You might have already supposed that these would-be condominios are part of the wider phenomenon of over-exploitation of an actually limited economic opportunity that characterises so much of the 'entrepreneurial' exertions of La Antigua.
We've seen it with cyber cafés, then spas and now taco joints.
Or you could speculate that the relative returns from exploiting land for domestic real estate compared to say coffee cultivation are now so evident that speculators have been sucked into this marginal space somewhat feverishly.
But the truth is that a significant number of these walled compounds have been tellingly situated beside roads which line the edges of the big estates.
It's not that the big coffee fincas of DOC La Antigua are no longer able to make money from the bean. The sheer number of helicopters in the air around here at the weekends suggests otherwise.
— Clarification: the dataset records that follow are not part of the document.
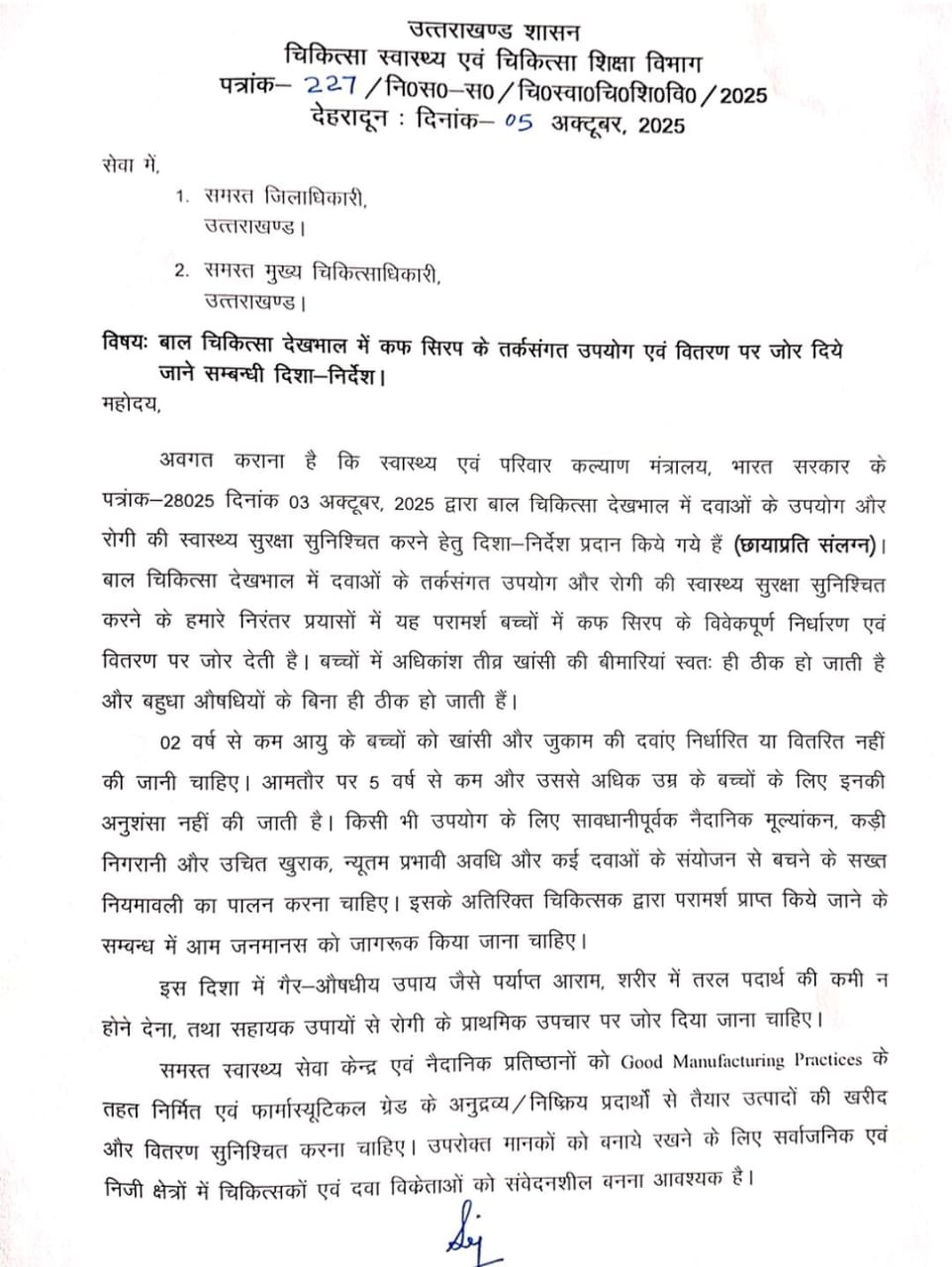 भारत सरकार, स्वास्थ्य एवं परिवार कल्याण मंत्रालय की ओर से 3 अक्टूबर 2025 को जारी एडवाइजरी के अनुपालन में राज्य में भी बच्चों में कफ सिरप के विवेकपूर्ण उपयोग और वितरण पर विशेष बल दिया गया है।
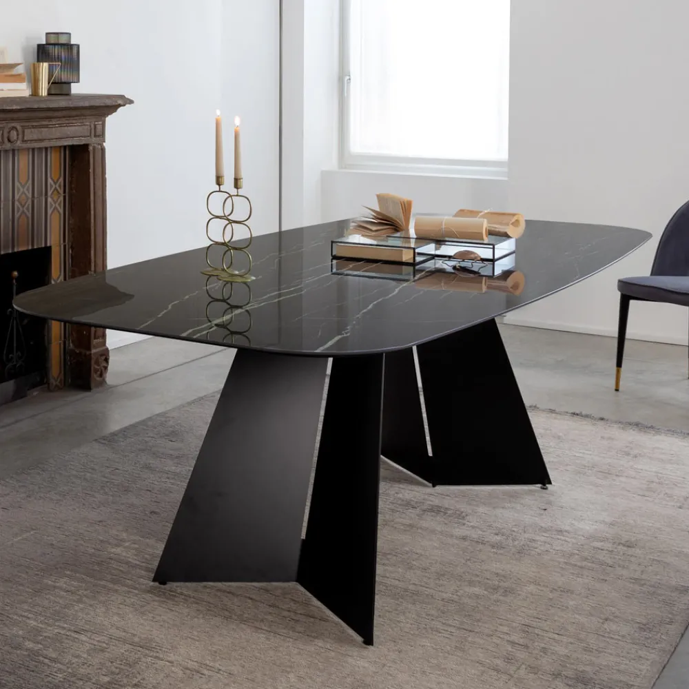 Lassen Sie sich vom kühnen Stil und der innovativen Form dieses Esstisches verführen. Die Keramikplatte reflektiert das Licht und verleiht dem umgebenden Raum eine elegante Dimension, während der schwarze Stahlsockel ein geometrisches Design zum Ausdruck bringt, das ebenso funktional wie künstlerisch ist.
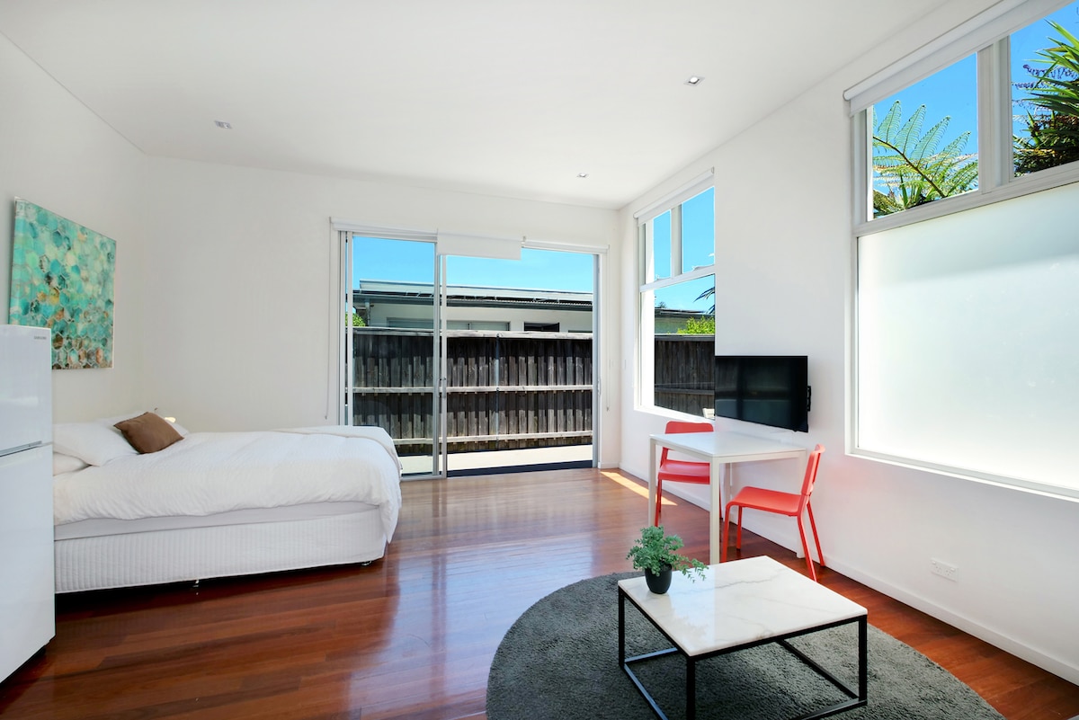 ***Best value, service and stay experience*** Fast internet. New covered patio from end of Jan! Centrally located, our guest house has a good size bedroom with a comfortable bed, a separate, fully equipped kitchen and a bathroom. The studio is a contemporary place with everything you need . Location is fantastic - take a walk anywhere: to mall, shops, beach or a train. Experience life as a local! Enjoy Netflix or just listen to birds. Stay longer and save even more! Plenty street parking ,safe!
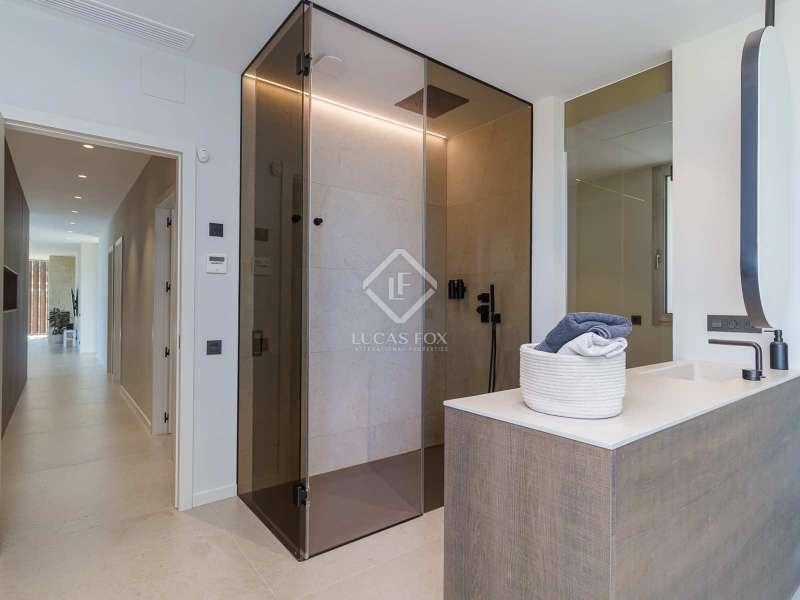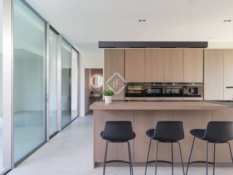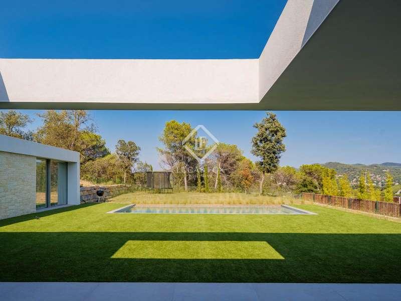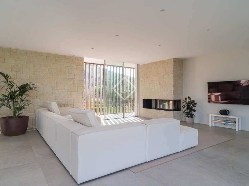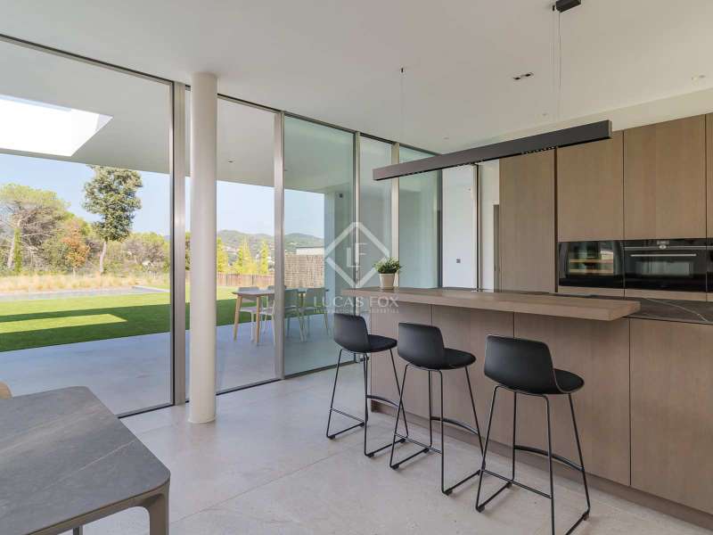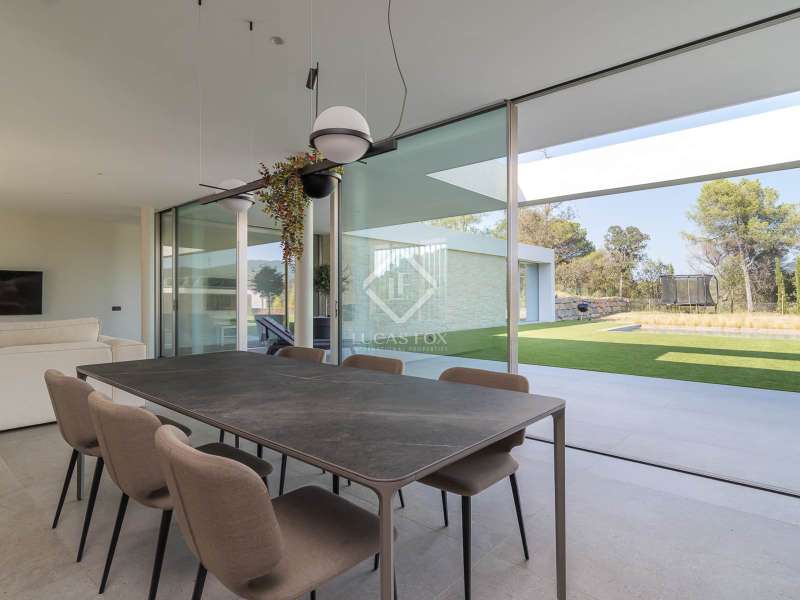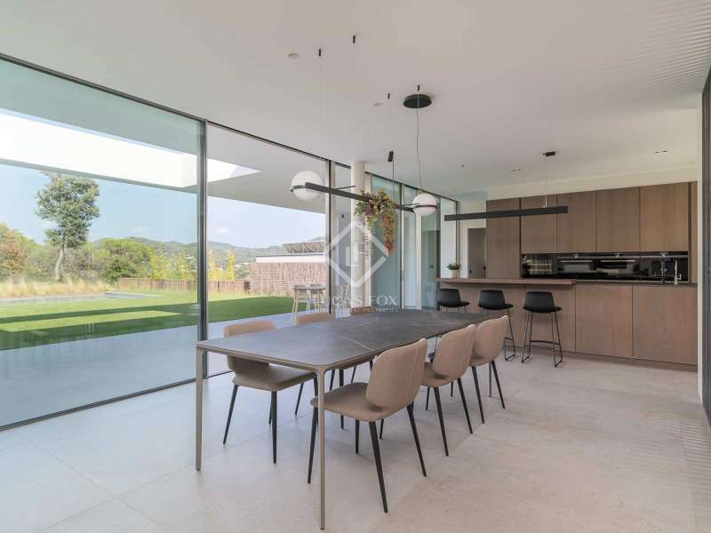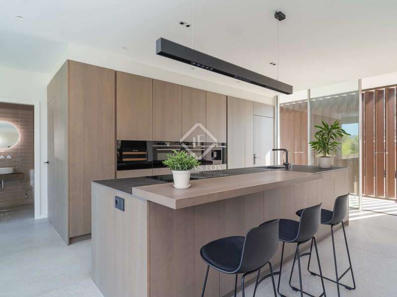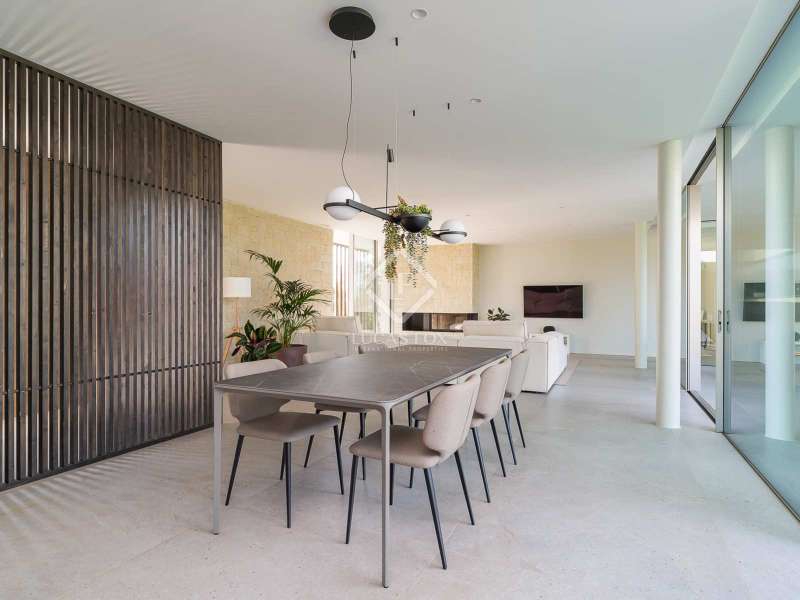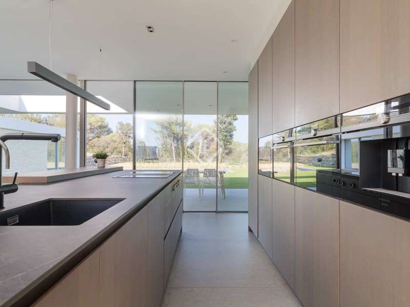Elegant Villa with Golf Course and Mountain Views in a Prestigious Location This stunning contemporary villa, meticulously designed with the finest materials and modern technology, offers an unparalleled living experience in a highly sought-after location. Boasting breathtaking views of the surrounding golf course and mountains, this exquisite home combines sophisticated style with luxurious comfort, making it the perfect retreat for discerning buyers. Ground Floor Upon entering the villa, you are greeted by an expansive entrance hall that seamlessly flows into the spacious living and dining area. Bathed in natural light, this open-plan space features a sleek, modern fireplace and large windows that frame the stunning views, creating an inviting atmosphere for relaxing and entertaining. The state-of-the-art open-plan kitchen, fully equipped with high-end appliances, offers a perfect blend of functionality and style. Adjacent to the kitchen, you’ll find a convenient laundry room, ideal for keeping household items out of sight. The ground floor also includes a guest bathroom and an ideally-situated office, perfect for working from home. The villa has two generous bedrooms with a shared bathroom, providing ample space for family or guests. The master suite is a sanctuary of luxury, featuring an en-suite bathroom and direct access to the beautifully landscaped garden and pool area. Step outside onto the covered porch, where you can enjoy al fresco dining or relax by the pool, surrounded by a lush garden. The villa is equipped with a barbecue area, ideal for hosting summer gatherings. Underground Floor The underground floor is designed with practicality in mind, offering a spacious garage with room for three cars. Additional storage space is available in the storage room, while the technical room houses the villa’s cutting-edge home automation system, ensuring that every aspect of your home is controlled with ease. Features This exceptional property is equipped with air conditioning, heating and double glazing, ensuring year-round comfort. The villa also includes an advanced alarm system for added security. Equipped with a gym, this home is perfectly suited for those who value both fitness and relaxation. The villa’s location is second to none, offering close proximity to international schools and essential amenities, making it an ideal choice for families. Whether you’re enjoying the serene golf views from your garden or taking in the mountain vistas, this villa offers a truly luxurious lifestyle in one of the most prestigious areas. Discover the epitome of modern living in this exceptional villa, where every detail has been thoughtfully crafted to create a home of unparalleled elegance and comfort.

It's that advances in modern infrastructure over the past few decades have conspired to complicate their security issues.
And so the finqueros either sell off the land on the edge of their estates or elect to 'develop' these outlying terrenos themselves. The idea being that weekending capitalinos or gullible gringos can be unwittingly co-opted into the role of wachimen.
Even if nobody bites, they get a wall and a 24-hour guarida, which they have deemed sufficient deterrent to the incursive sort.